Essential Dignity

In astrology, essential dignity is the strength of a planet or point's zodiac position, judged only by its position by sign and degree, or its essence—what the pre-eminent 17th-century astrologer William Lilly called "the strength, fortitude or debility of the Planets significators." In other words, essential dignity seeks to view the strengths of a planet or point as though it were isolated from other factors in the sky of the natal chart.

By comparison, accidental dignity indicates how much strength a planet or point derives from its position in a natal chart, such as its relation to the other factors in the chart: for example, its proximity to other planets, or to the four angles of the chart, or to stars, as well as the aspects (or symmetrical angular connections) it forms with other planets or points in the chart.

For example, the essential dignity of Mars, if located at 27 degrees of Capricorn would take into account the fact that Mars is exalted in Capricorn, and also that it is the bounds ruler of the 27th degree of Capricorn and also the face ruler of the 27th degree of Capricorn. This is a considerably dignified Mars.

If that Mars were located in the twelfth house of a natal chart Mars's accidental dignity would be poor, since it would be located in a weak or malevolent cadent house.

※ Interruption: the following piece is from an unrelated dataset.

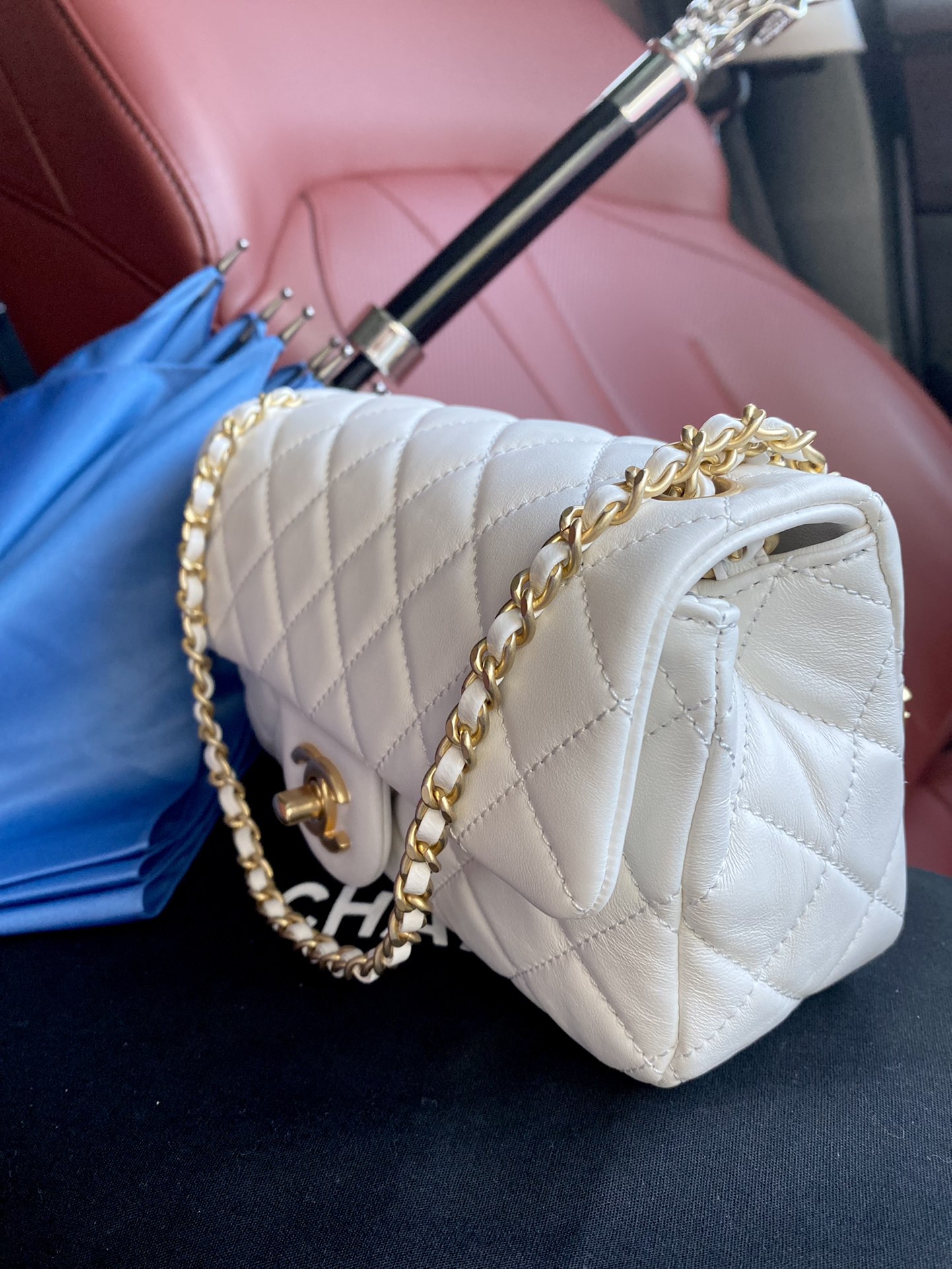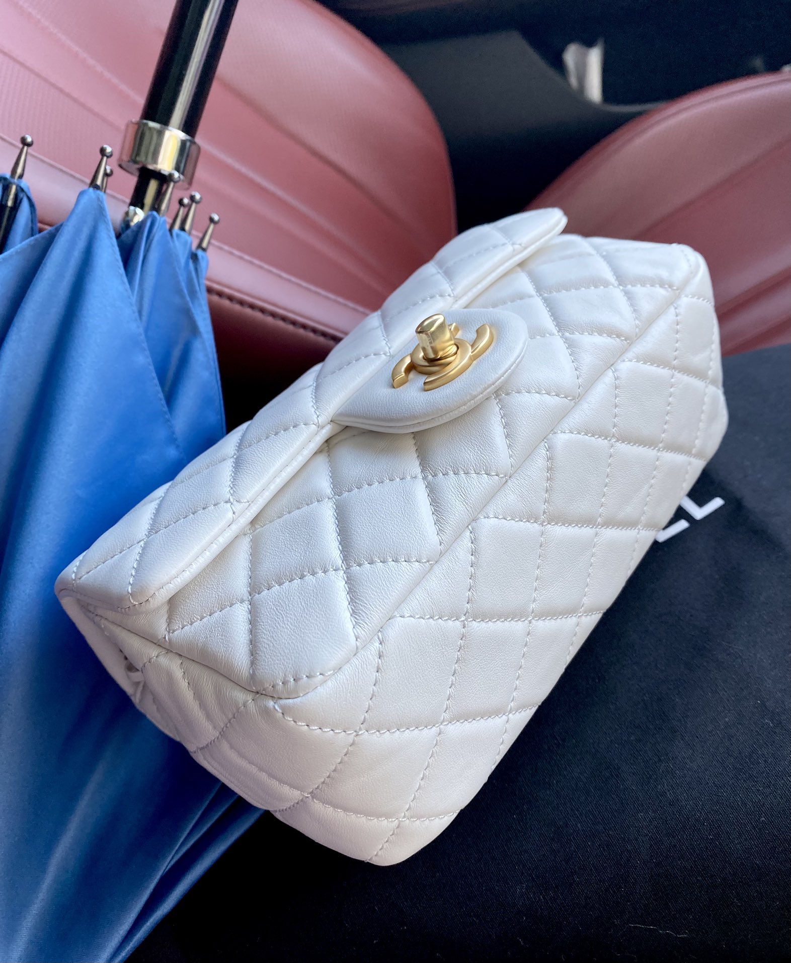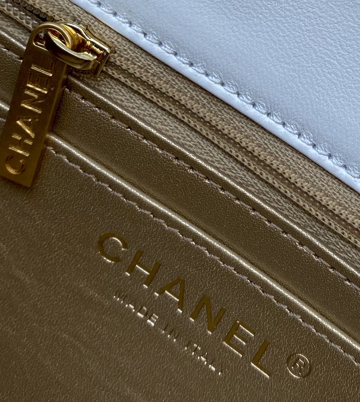 Elegant Chanel Classic Flap bag in white lambskin with adjustable golden ball. Original mold, steel stamp chip version, scannable for website entry.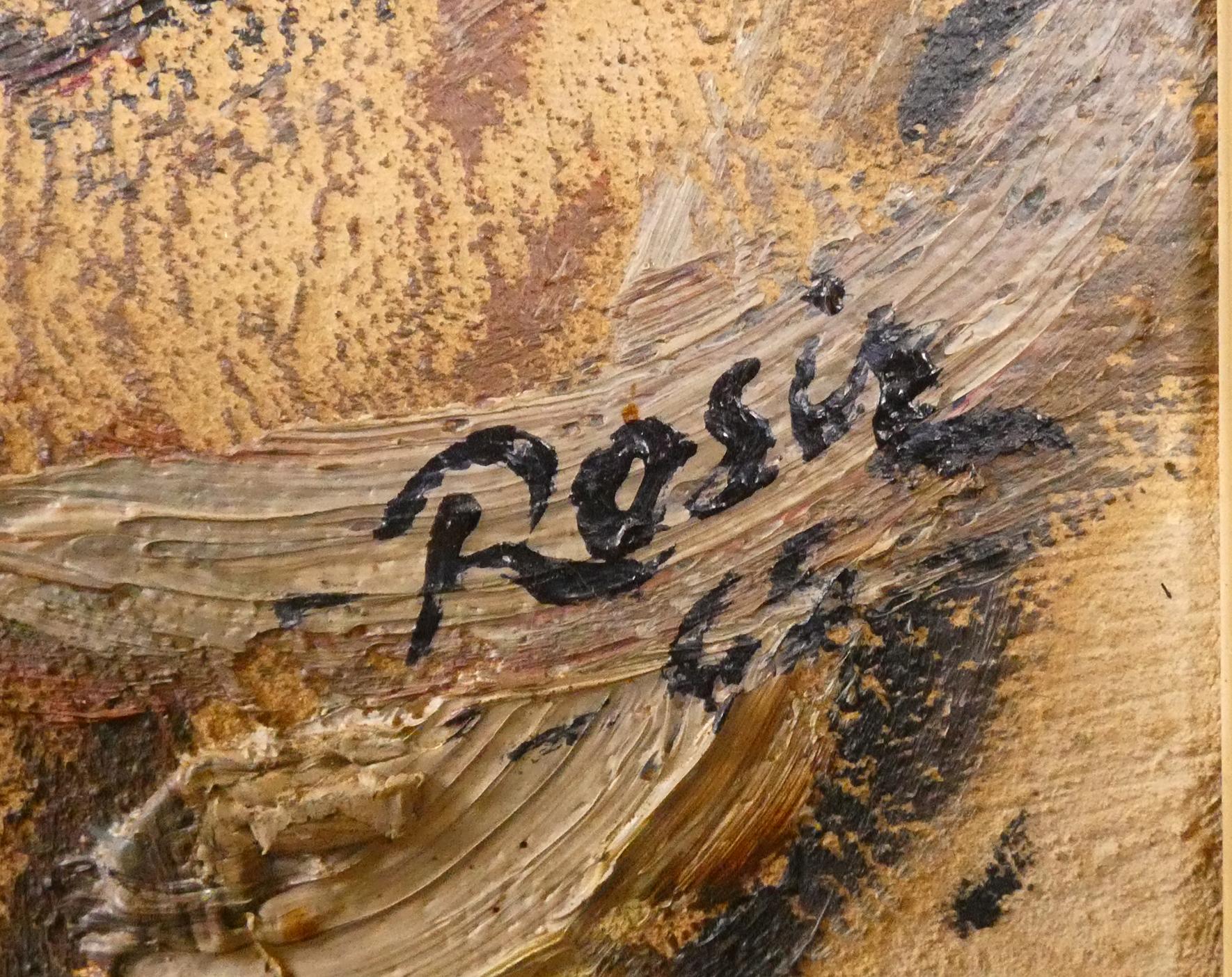 Tableau HST -Coq et poules- daté 45 signé ROSIR 64x64cm cadre patiné doré

Were Mars to also be squared to a malevolent planet, such as Saturn, and would be receiving a dexter square aspect from malefic Saturn, ruler of Capricorn, this would further hinder Mars's strength and ability to operate benevolently. These accidental dignity factors would tend to weaken a Mars which is otherwise strong in essential dignity.

Traditionally the five essential dignities are:

  • Domicile (rulership or house) + detriment
  • Exaltation + fall
  • Triplicity
  • Terms (or "bounds")
  • Face (or "decan")

For Medieval astrologers, such as Bonatti or Lilly, the dignities had a hierarchy. The most important dignity was domicile rulership; slightly less important was exaltation. Triplicity rulerships were still fairly important in medieval astrology, but nowhere near as vital as they were for Hellenistic astrologers such as Ptolemy. Terms or bounds rulerships became very much diminished in importance, and face rulers were almost entirely ignored. (Lilly said that the only function face rulers served was to keep a planet from being entirely peregrine—that is, without any essential dignity whatever—which was considered a malefic condition.)

However, Hellenistic astrologers had a very different view of the dignities. To earlier astrologers, such as Ptolemy and Vettius Valens, domicile rulership, exaltation, triplicity rulership and bounds rulership were all of equal strength in influence.

Many modern astrologers take little heed of essential dignities, with the exception of domicile rulerships (see article on ruling planets.) This is most likely the result of the simplification of astrological technique that occurred when astrology lost popularity beginning in the eighteenth century (see History of astrology.)